Let us now see how long it takes to read back the whole data:
[ ]:
start = time.time()
ts_roundtrip_df = tstore.open_tslong(tstore_dir, backend="pandas")
print(f"Read tstore in: {time.time() - start:.2f} s")
Read tstore in: 12.10 s
and reading only one year:
[ ]:
start = time.time()
ts_2023_df = tstore.open_tslong(
tstore_dir,
start_time="2023-01-01",
end_time="2024-01-01",
inclusive="left",
backend="pandas",
)
print(f"Read tstore for one year in: {time.time() - start:.2f} s")
ts_2023_df
Read tstore for one year in: 4.02 s
| id | temperature | pressure | precipitation | surface_wind_speed | time | |
|---|---|---|---|---|---|---|
| 0 | C08 | 37.4 | <NA> | 0.0 | 4.0 | 2023-09-27 10:55:00 |
| 1 | C08 | 35.6 | <NA> | 0.0 | 4.0 | 2023-09-27 11:15:00 |
| 2 | C08 | 37.4 | <NA> | 0.0 | 3.0 | 2023-09-27 12:15:00 |
| 3 | C08 | 33.8 | <NA> | 0.0 | 6.0 | 2023-09-27 12:35:00 |
| 4 | C08 | 35.6 | <NA> | 0.0 | 6.0 | 2023-09-27 12:55:00 |
| ... | ... | ... | ... | ... | ... | ... |
| 11035206 | CAG | 34.0 | 24.085 | 0.0 | 4.0 | 2023-10-14 02:10:00 |
| 11035207 | CAG | 34.0 | 24.085 | 0.0 | 4.0 | 2023-10-14 02:11:00 |
| 11035208 | CAG | 33.0 | 24.085 | 0.0 | 4.0 | 2023-10-14 02:12:00 |
| 11035209 | CAG | 33.0 | 24.086 | 0.0 | 4.0 | 2023-10-14 02:13:00 |
| 11035210 | CAG | 33.0 | 24.087 | 0.0 | 4.0 | 2023-10-14 02:14:00 |
11035211 rows × 6 columns
Again, we can lazily read the whole tstore into a tsdf object:
[ ]:
tsdf = tstore.open_tsdf(tstore_dir)
tsdf
| id | ts_variable | geometry | |
|---|---|---|---|
| 0 | AKO | Dask DataFrame Structure: ... | POINT (-103.22200 40.17560) |
| 1 | ALS | Dask DataFrame Structure: ... | POINT (-105.86140 37.43890) |
| 2 | APA | Dask DataFrame Structure: ... | POINT (-104.85000 39.57000) |
| 3 | ASE | Dask DataFrame Structure: ... | POINT (-106.86890 39.22320) |
| 4 | CAG | Dask DataFrame Structure: ... | POINT (-107.52160 40.49520) |
| ... | ... | ... | ... |
| 67 | 4V1 | Dask DataFrame Structure: ... | POINT (-104.78810 37.69410) |
| 68 | AIB | Dask DataFrame Structure: ... | POINT (-108.56330 38.23880) |
| 69 | SHM | Dask DataFrame Structure: ... | POINT (-104.51670 38.80000) |
| 70 | C08 | Dask DataFrame Structure: t... | POINT (-105.37430 38.01330) |
| 71 | 8V7 | Dask DataFrame Structure: t... | POINT (-102.61800 37.45870) |
72 rows × 3 columns
and perform computations lazily, e.g., plot stations by their mean temperature:
[ ]:
mean_t_ser = tsdf["ts_variable"].apply(
lambda ts: ts._obj["temperature"].mean().compute(),
)
ax = tsdf.plot(mean_t_ser, legend=True, legend_kwds={"shrink": 0.5})

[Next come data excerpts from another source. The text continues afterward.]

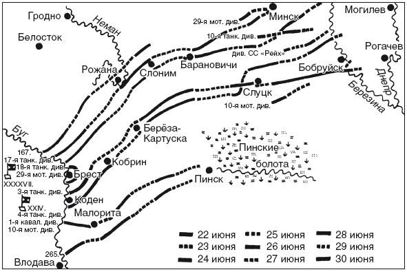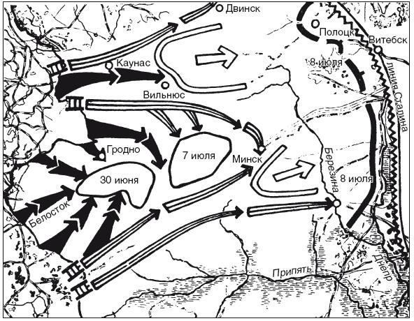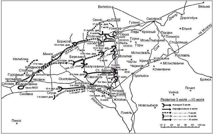 Танковые группы уверенно продолжили свой путь на восток, когда еще звучали последние выстрелы между Белостоком и Минском. 3-я танковая группа получила приказ отправиться из Минска на северо-восток, чтобы установить связь с правым флангом группы армий «Север» на Дюне (Западная Двина). А в то же самое время 2-я танковая группа должна была отправиться к Днепру.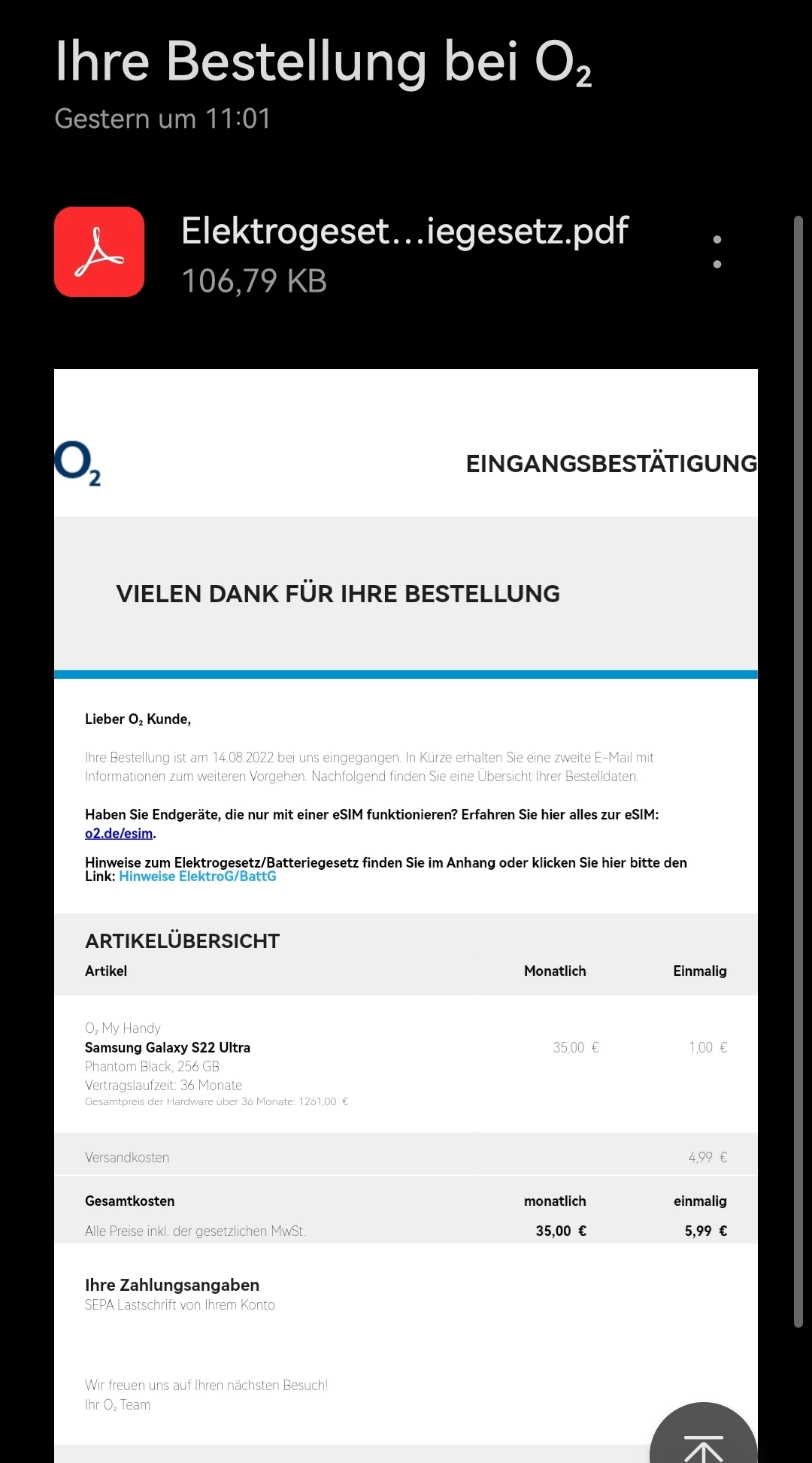 Bestellung Samsung s22 ultra Eingangsbestätigung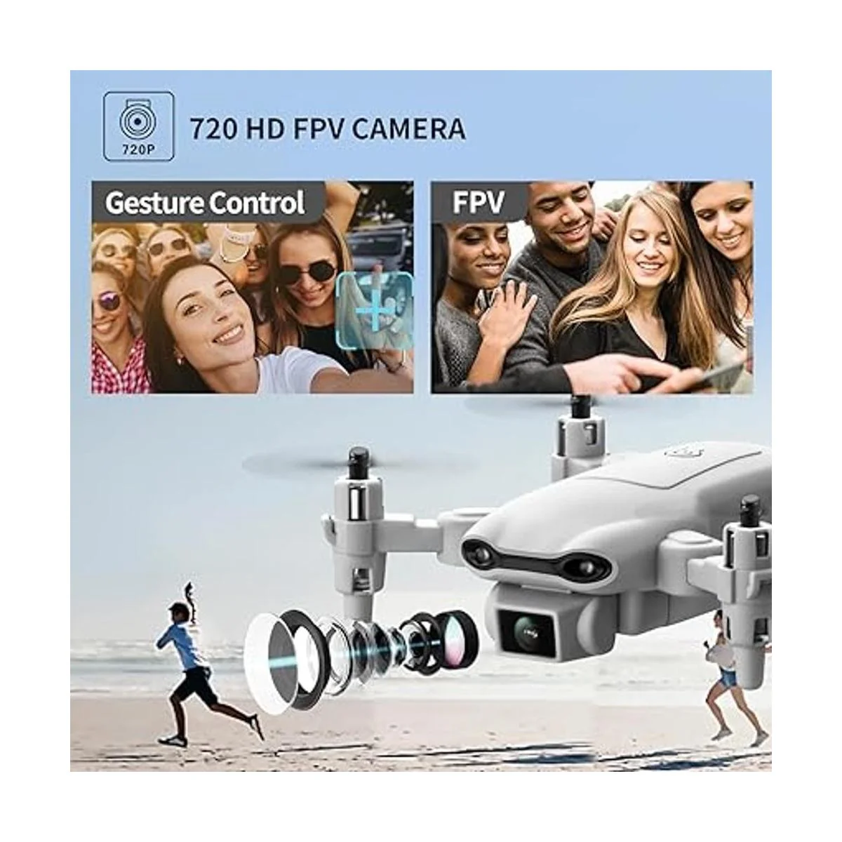 Imágenes HD y videos en directo: V9 equipado con cámara 720P HD WiFi para tomar mejores fotos y videos aéreos; con transmisión FPV, puedes ver el cielo desde una alimentación de video en directo a través de la aplicación de tu teléfono inteligente.

cx.add_basemap(ax=ax, crs=stations_gdf.crs, source=cx.providers.CartoDB.Voyager)
ax.tick_params(axis="x", labelrotation=45)
xvec#
Let us now see how we can transform our dataset into a vector data cube using xvec:
[ ]:
ts_ds = ts_df.set_index([id_var, time_var]).to_xarray()
# TODO: how to keep both the stations ids and geometries?
ts_ds = (
ts_ds.assign_coords(
**{
id_var: stations_gdf.set_index(id_var).loc[ts_ds[id_var].values][
"geometry"
],
},
)
.rename({id_var: "geometry"})
.xvec.set_geom_indexes("geometry", crs=stations_gdf.crs)
)
ts_ds
<xarray.Dataset> Size: 4GB
Dimensions: (geometry: 72, time: 1541841)
Coordinates:
* time (time) datetime64[ns] 12MB 2021-01-01 ... 2023-12-31T...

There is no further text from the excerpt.